● Source records
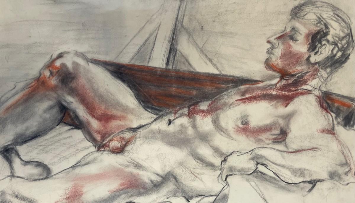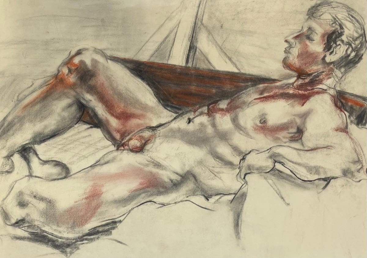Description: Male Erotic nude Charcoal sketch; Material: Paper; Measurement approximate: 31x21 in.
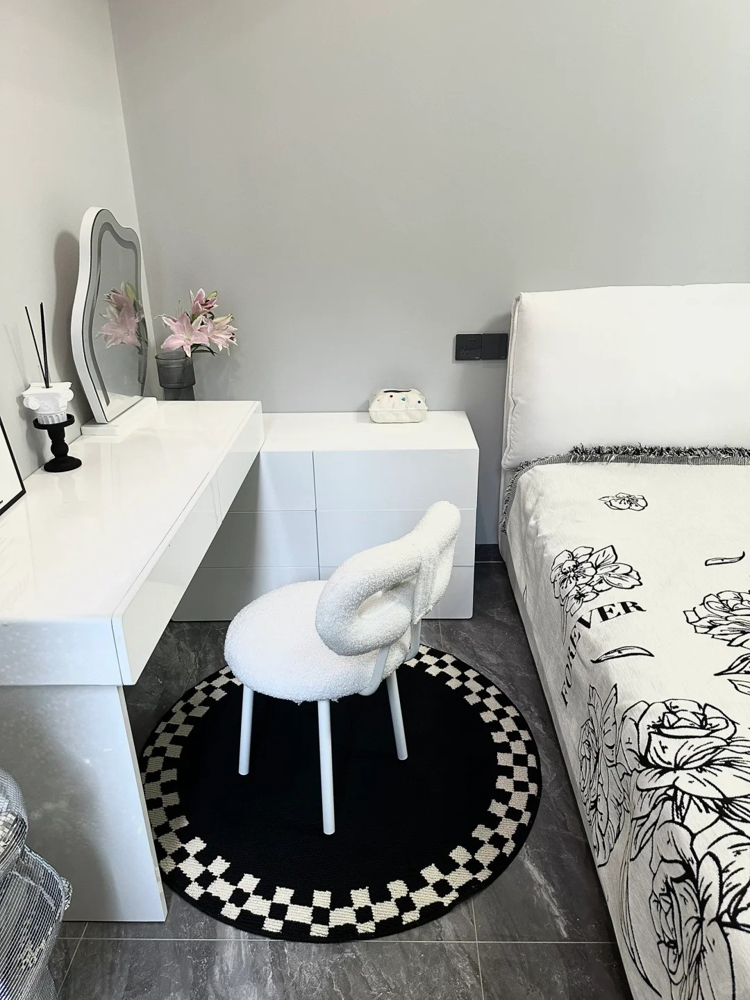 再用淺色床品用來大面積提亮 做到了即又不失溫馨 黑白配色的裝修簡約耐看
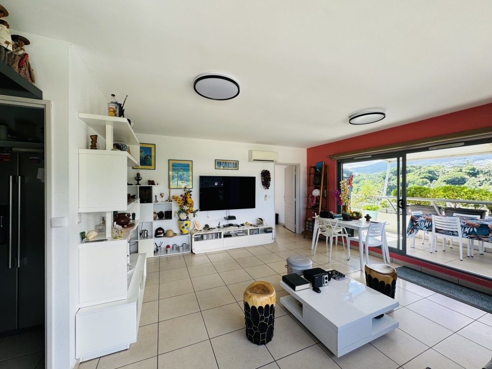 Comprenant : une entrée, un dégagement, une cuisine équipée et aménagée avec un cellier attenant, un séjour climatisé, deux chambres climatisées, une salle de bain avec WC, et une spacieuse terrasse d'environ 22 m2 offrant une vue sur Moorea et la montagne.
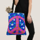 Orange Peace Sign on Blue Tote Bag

==

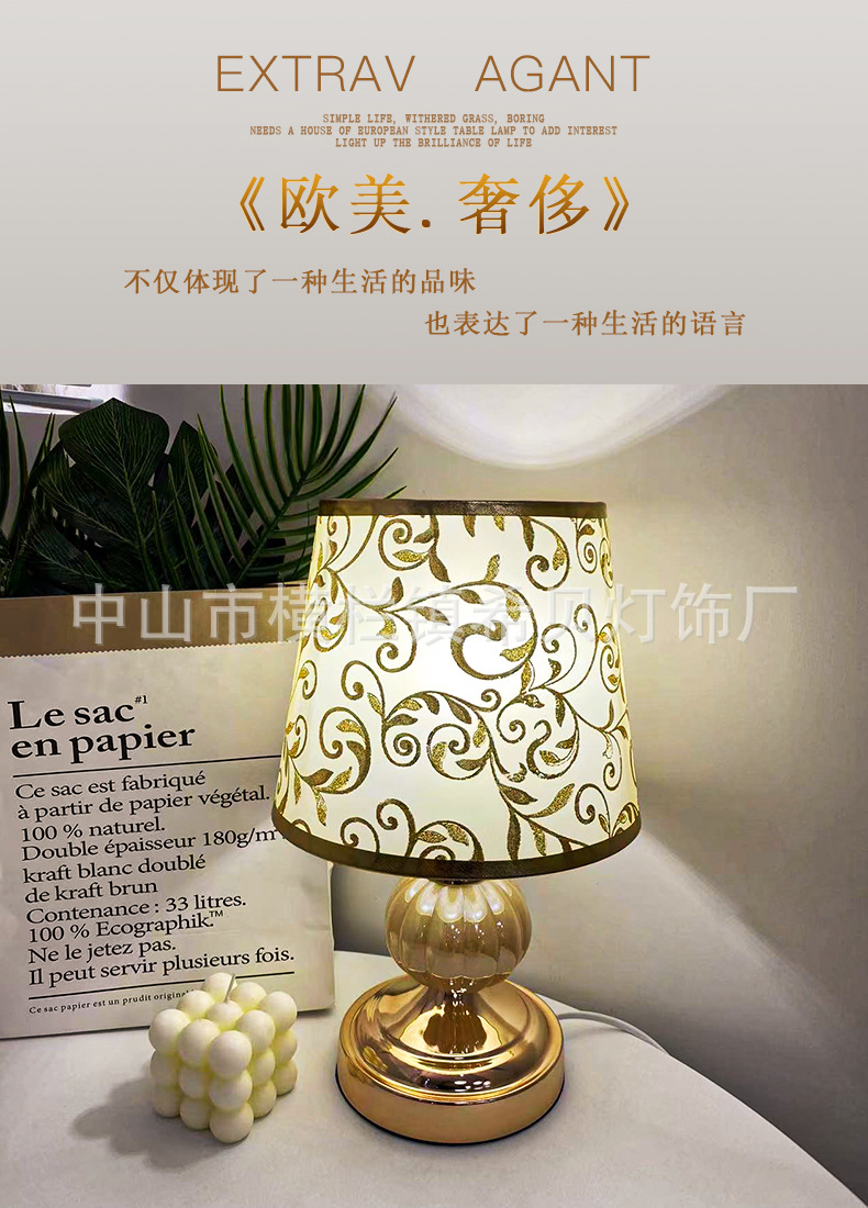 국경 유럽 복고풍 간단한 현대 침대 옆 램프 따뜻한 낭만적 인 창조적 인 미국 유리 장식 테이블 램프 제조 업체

● Aim of the task
Go down the entries above from the line containing "Description: Male Erotic" to the line containing "Orange Peace Sign on Blue Tote Bag" and write out each line exactly, leaving pictures out.

● Solution for this task
Description: Male Erotic nude Charcoal sketch; Material: Paper; Measurement approximate: 31x21 in.
 再用淺色床品用來大面積提亮 做到了即又不失溫馨 黑白配色的裝修簡約耐看
 Comprenant : une entrée, un dégagement, une cuisine équipée et aménagée avec un cellier attenant, un séjour climatisé, deux chambres climatisées, une salle de bain avec WC, et une spacieuse terrasse d'environ 22 m2 offrant une vue sur Moorea et la montagne.
 Orange Peace Sign on Blue Tote Bag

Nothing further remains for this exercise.